■ **Input material**
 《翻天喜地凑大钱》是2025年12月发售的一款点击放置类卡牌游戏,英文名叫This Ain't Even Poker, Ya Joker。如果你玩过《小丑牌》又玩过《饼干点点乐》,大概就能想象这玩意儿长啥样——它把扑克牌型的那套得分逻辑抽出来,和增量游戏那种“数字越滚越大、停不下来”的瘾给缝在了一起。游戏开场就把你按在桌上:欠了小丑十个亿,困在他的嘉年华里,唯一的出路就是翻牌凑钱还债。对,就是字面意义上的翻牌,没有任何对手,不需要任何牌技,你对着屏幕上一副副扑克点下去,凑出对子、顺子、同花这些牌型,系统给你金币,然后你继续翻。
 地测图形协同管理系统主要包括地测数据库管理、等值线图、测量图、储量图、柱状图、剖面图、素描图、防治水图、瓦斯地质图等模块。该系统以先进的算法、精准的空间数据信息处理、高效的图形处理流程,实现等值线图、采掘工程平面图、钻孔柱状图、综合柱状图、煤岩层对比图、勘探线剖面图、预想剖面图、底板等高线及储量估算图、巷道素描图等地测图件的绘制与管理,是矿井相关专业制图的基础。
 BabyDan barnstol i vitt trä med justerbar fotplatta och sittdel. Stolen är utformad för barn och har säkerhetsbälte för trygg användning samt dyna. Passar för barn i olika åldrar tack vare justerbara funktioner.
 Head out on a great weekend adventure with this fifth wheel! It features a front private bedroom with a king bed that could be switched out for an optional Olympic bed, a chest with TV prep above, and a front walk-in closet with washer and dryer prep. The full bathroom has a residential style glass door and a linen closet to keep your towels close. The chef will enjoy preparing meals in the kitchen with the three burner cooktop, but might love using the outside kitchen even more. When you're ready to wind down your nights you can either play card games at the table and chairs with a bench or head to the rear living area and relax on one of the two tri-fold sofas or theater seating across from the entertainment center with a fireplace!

...

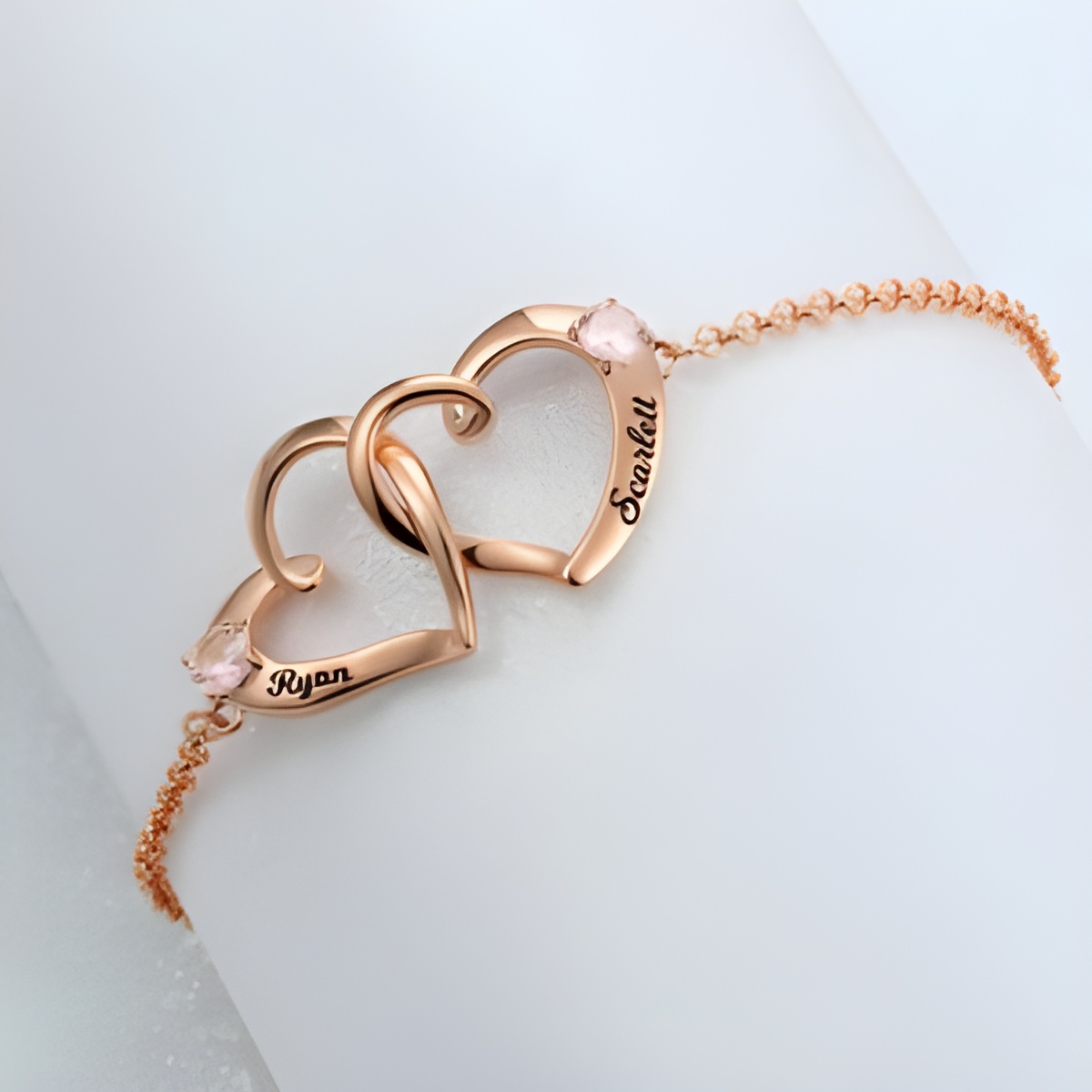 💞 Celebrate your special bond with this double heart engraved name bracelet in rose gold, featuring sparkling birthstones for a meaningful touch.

■ **Your objective**
In the entries above, the lines between the one holding "地测图形协同管理系统主要包括" and the one holding "BabyDan barnstol i", inclusive, are to be printed exactly as written, and those alone.

■ **Reply**
 地测图形协同管理系统主要包括地测数据库管理、等值线图、测量图、储量图、柱状图、剖面图、素描图、防治水图、瓦斯地质图等模块。该系统以先进的算法、精准的空间数据信息处理、高效的图形处理流程,实现等值线图、采掘工程平面图、钻孔柱状图、综合柱状图、煤岩层对比图、勘探线剖面图、预想剖面图、底板等高线及储量估算图、巷道素描图等地测图件的绘制与管理,是矿井相关专业制图的基础。
 BabyDan barnstol i vitt trä med justerbar fotplatta och sittdel. Stolen är utformad för barn och har säkerhetsbälte för trygg användning samt dyna. Passar för barn i olika åldrar tack vare justerbara funktioner.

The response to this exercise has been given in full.